Gracias a unos documentos, que me ha proporcionado
amablemente el historiador durangués Jon Irazabal Agirre, sabemos
que el 24 de julio de 1936 un millonario norteamericano hasta hoy
desconocido, William Taylor Middleton, recibió la visita en su casa
parisina, en el Quai d’Orléans, detrás de Notre Dame, del comandante Antonio
Barroso. Este agregado militar acababa de pasarse a los sublevados y
denunciado a la prensa derechista francesa la petición de armas hecha el 19 por
el presidente Giral. Barroso pidió a Middleton que, dada la
labilidad de la situación militar, convenía que se dirigiera inmediatamente a
Alemania para hablar con Joachim von Ribbentrop, entonces consejero
aúlico de asuntos exteriores de Hitler, y le recordase el envío de
la “ayuda prometida”.
Middleton era un personaje poco recomendable. Tenía, sin
embargo, una cualidad inestimable. Él y la madre de Baldur von Schirach,
jefe de las Juventudes hitlerianas, compartían un antepasado común,
signatario de la declaración de Independencia de Estados Unidos. Cabe pensar
que en alguno de sus viajes a Berlín, Middleton, casado con una dama
francesa aún más reaccionaria que él, pudo a través de su lejana pariente
conocer a von Ribbentrop.
Está por determinar a quién se prometió la ayuda
nazi. Mola no pudo ignorar el viaje de Sanjurjo, de la misma forma que
tampoco pudo desconocer –dados sus frecuentes contactos con Juan March en
Biarritz y los que mantenía con el círculo en torno a Kindelán- la
negociación con los italianos, lubricada por el dinero del banquero.

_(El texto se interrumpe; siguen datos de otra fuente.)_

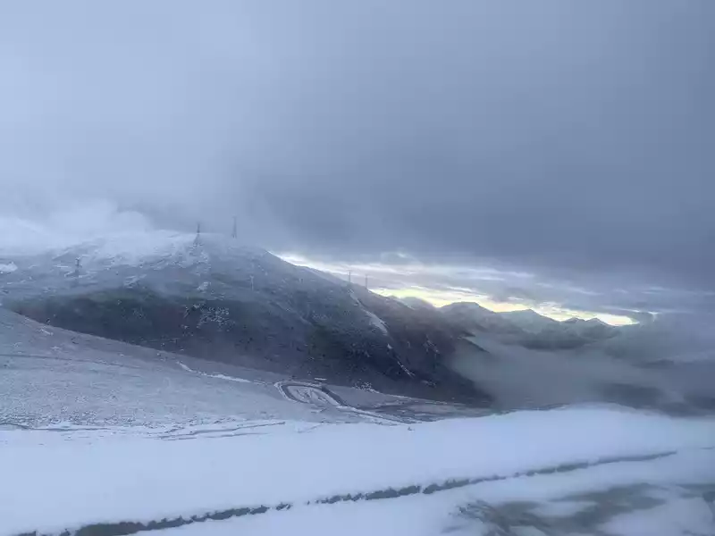 Thehard work of the group is that the time must follow the arrangement, and at six o'clock in the morning, we hurriedly ate some porridge steamed buns and eggs and set off on the trip. After passing the eighteen bends of the heavenly road, we crossed two mountains: [Scissor Bend Mountain] at an altitude of 4,659 meters and [Kazila Mountain] at an altitude of 4,718 meters.
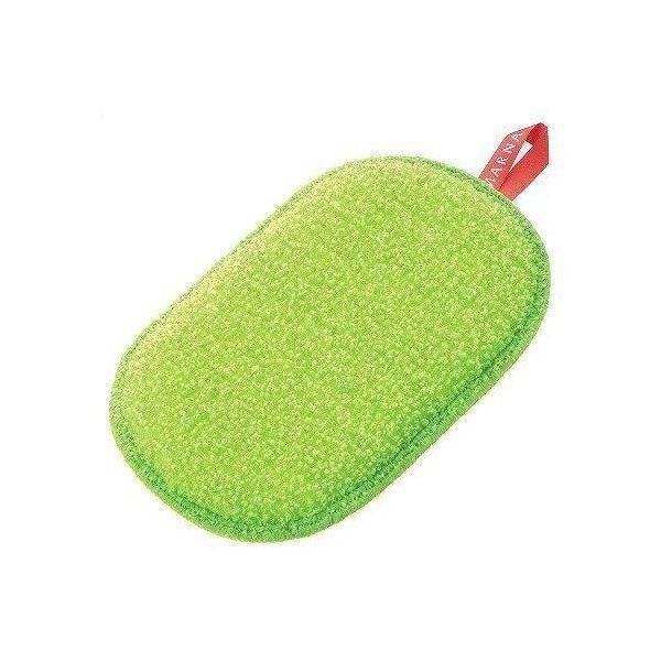 ●使い分けができる二面タイプで、イエローの面はやわらかいアクリルパイルです。アクリルタワシにありがちなキシキシ感がありません。

En ambos casos, con mayor fortuna (Italia) y con ninguna
(Alemania), es obvio que los conspiradores militares y civiles apuntaban hacia
las potencias fascistas. Ocurrió, sin embargo, lo inesperado: Sanjurjo pereció
en accidente y Franco, desde Tetuán, echó mano de un avión postal
alemán, envió una minimisión a Berlín y esta, por los vericuetos del partido
nazi, llegó a Hitler en cuestión de 24 horas. Al día siguiente de la visita de
Barroso a Middleton, el Führer decidió ayudar a Franco. Cuando Mola
envió otros mensajeros a Berlín la suerte ya estaba echada.
Los contactos con fascistas y nazis permiten plantear quiénes
eran los enemigos de la República y quiénes internacionalizaron los
acontecimientos que iban a producirse. Permiten reinterpretar las aportaciones
monárquicas a la preparación de la sublevación. Permiten presentar los alegatos
sobre los presuntos designios bolcheviques como un mero ejercicio de proyección
y, no en último término, permiten iluminar al protomártir como una suerte de
conde Don Julián de la España del siglo XX. No en la acepción
de Goytisolo.
Personalmente me encantaría que o bien Stanley G.
Payne, historiador tan querido de nuestras derechas, o alguno de sus
seguidores aportasen evidencia primaria relevante de época que echase por la
borda lo que lleva a una relectura radical del 18 de julio.
*Ángel Viñas es uno de los coautores
de Los mitos del 18 de julio (Crítica), coordinado
por Francisco Sánchez Pérez, y autor de Las
armas y el oro, de publicación en septiembre (Pasado&Presente).